Das Unterstützen von Forschungsarbeiten ist übrigens auch ein Weg, die bereits im Unternehmen angestellten Mitarbeiter bei der Weiterbildung zu unterstützen – neben den klassischen Formen wie Kursen und Seminaren. Gerade Betriebe im Technologiebereich, wie etwa Ingenieurgesellschaften oder Maschinenbauunternehmen, sollten gezielt ihren Vorteil nutzen, ein attraktives Forschungsobjekt oder -umfeld zu bieten. Wie groß die Not bei der Suche nach Fachkräftenachwuchs ist, zeigt unter anderem die Tatsache, wie fantasievoll Unternehmen in Kooperation mit Hochschulen oder teils sogar Konkurrenten agieren. Mittelständler sollten also ruhig mal die Veranstaltungsverzeichnisse oder Homepages von Lehrstühlen vor allem der Fachhochschulen, aber auch Universitäten in ihrem Umkreis studieren – und Kontakt aufnehmen, um Kooperationsmöglichkeiten auszuloten. Die Zusammenarbeit dürfte sich auch aus Unternehmenssicht lohnen.

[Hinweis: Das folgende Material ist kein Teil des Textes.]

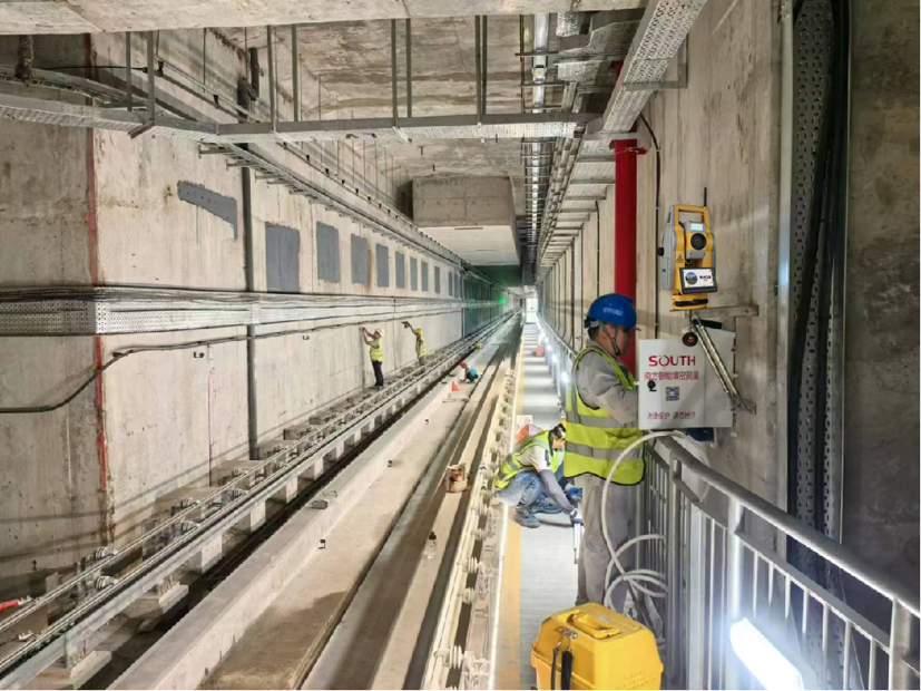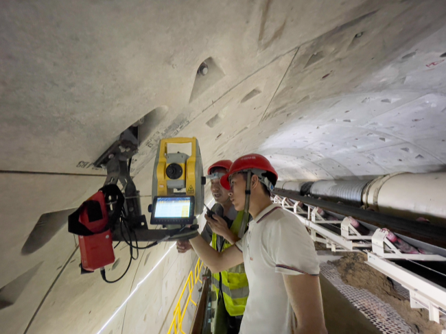在隧道開挖導(dǎo)向整個(gè)方面我們也推出了國產(chǎn)化解決方案,通過測量機(jī)器人輔助,在盾構(gòu)機(jī)掘進(jìn)的時(shí)候,不間斷地進(jìn)行方向校驗(yàn),保障整體工程的精準(zhǔn)性。

Geförderte Forschungsprojekt auch für kleine Betriebe

Für innovative Mittelständler, die ihren Mitarbeitern neue Perspektiven im Job oder in der Weiterbildung geben wollen, lohnt auch ein Blick in die Forschungsförderung. Schreibt eine öffentliche Stelle aus Bund, Ländern oder auch EU zufällig ein gut passendes Forschungsprojekt zur Förderung aus, findet sich das dort. Die Suche kann sich rasch bezahlt machen – es gibt einige Projekte, die speziell für Mittelständler gedacht beziehungsweise mit Blick auf den geforderten Eigenanteil erschwinglich sind. Eine weitere interessante Anlaufstelle auch für kleine Mittelständler ist die Arbeitsgemeinschaft industrieller Forschungsvereinigungen „Otto von Guericke“ e.V. (AiF). Sie fördert gezielt kleine und mittlere Unternehmen aus bestimmten Branchen bei der Forschung – insbesondere in den diversen technologischen Bereichen – und tritt im Auftrag des Bundeswirtschaftsministeriums als Projektträger in Aktion. Das dürfte mit Blick auf die zuweilen knifflige Innovationsfinanzierung also ganz hilfreich sein und ebenfalls den Zugang zu interessierten, interessanten Fachkräften eröffnen.